Tutto ciò è già insito nel bambino, perché “il bambino possiede in lui importanti risorse” (dalla Charte du Bureau International Catholique de l’Enfance). Questa fecondità, questa prosperità è la felicità dell’infanzia (etimologicamente felicità deriva dalla stessa radice di fecondità, feto, figlio), felicità di cui si parla solo negli atti internazionali (Preambolo della Dichiarazione dei diritti del bambino, Preambolo della Convenzione Internazionale sui Diritti dell’Infanzia, Charte du Bureau International Catholique de l’Enfance). “I bambini sono degli artisti nell’approfittare di ogni occasione per essere felici” (lo scrittore svizzero Robert Walser). La filosofa Nussbaum sostiene che per arrivare ad una soglia minima di rispetto della dignità umana nelle costituzioni, come nelle attività di governo, i diritti vadano sostituiti con la garanzia di “capacità”, con il dispiegarsi cioè di quelle condizioni che rendono un uomo realizzato. È quello che bisogna fare nel salvaguardare e promuovere l’infanzia felice.

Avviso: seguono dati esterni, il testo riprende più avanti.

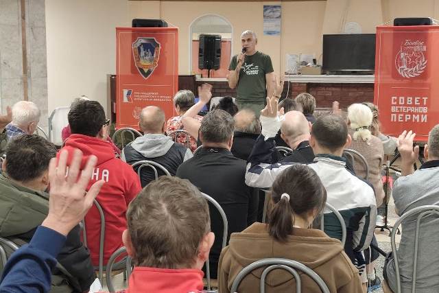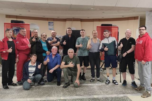 В помещении столовой собрались ветераны боевых действий в Афганистане и Чечне, действующие бойцы СВО на излечении.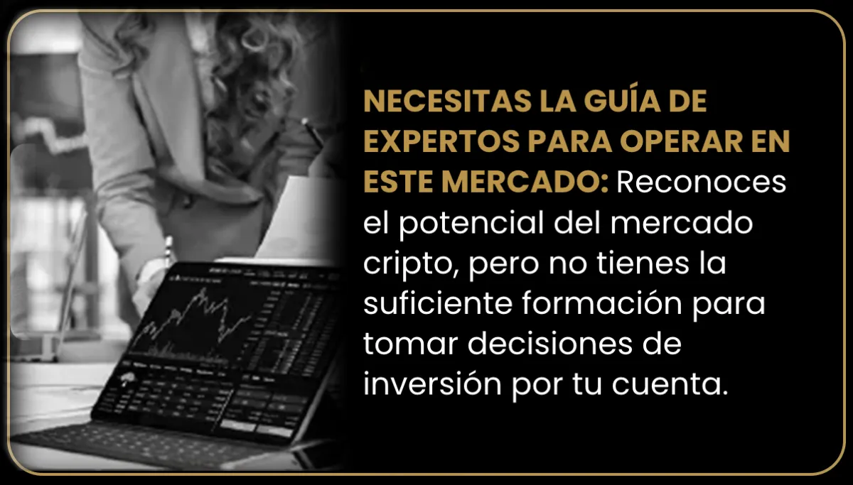 NECESITAS LA GUÍA DE EXPERTOS PARA OPERAR EN ESTE MERCADO: Reconoces el potencial del mercado cripto, pero no tienes la suficiente formación para tomar decisiones de inversión por tu cuenta.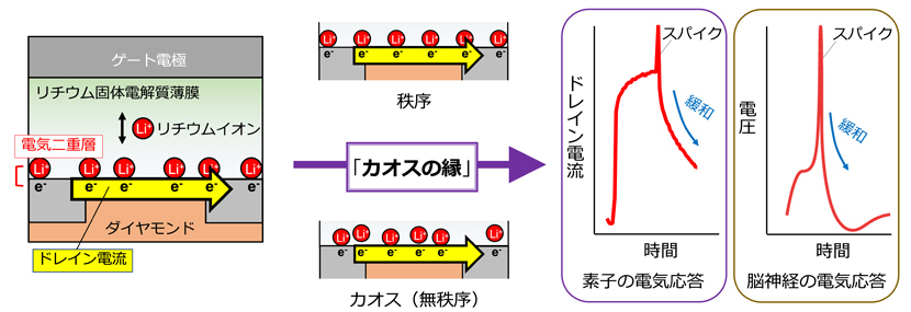 「カオスの縁」と呼ばれる脳の特徴を、固体電解質薄膜とダイヤモンドの界面近傍で起こるイオニクス現象で再現することで情報処理を行う高性能AI素子の開発に成功しました。本研究成果は米国科学雑誌Science Advancesに2022年12月15日付け(日本時間)でオンライン掲載されました。また、2022年12月27日付日刊工業新聞紙面および電子版に記事が掲載されました。

“Ogni bambino ci racconta nella sua maniera la bellezza e le ferite della vita e ci richiama così alla nostra responsabilità. La sua nascita rappresenta un’esperienza nuova per l’umanità che gli deve quello che ha di meglio” (dalla Charte du Bureau International Catholique de l’Enfance).
Libertà, felicità, futuro: “Quando una persona è matura? Quando è capace di prendere decisioni libere e feconde” (una psicologa). Sia data questa possibilità ad ogni bambino, persona minore d’età.

BIBLIOGRAFIA
Fulvio Scaparro, “Le molteplici fioriture della vita”, in Messaggero di sant’Antonio, ottobre 2011, pp. 84-85.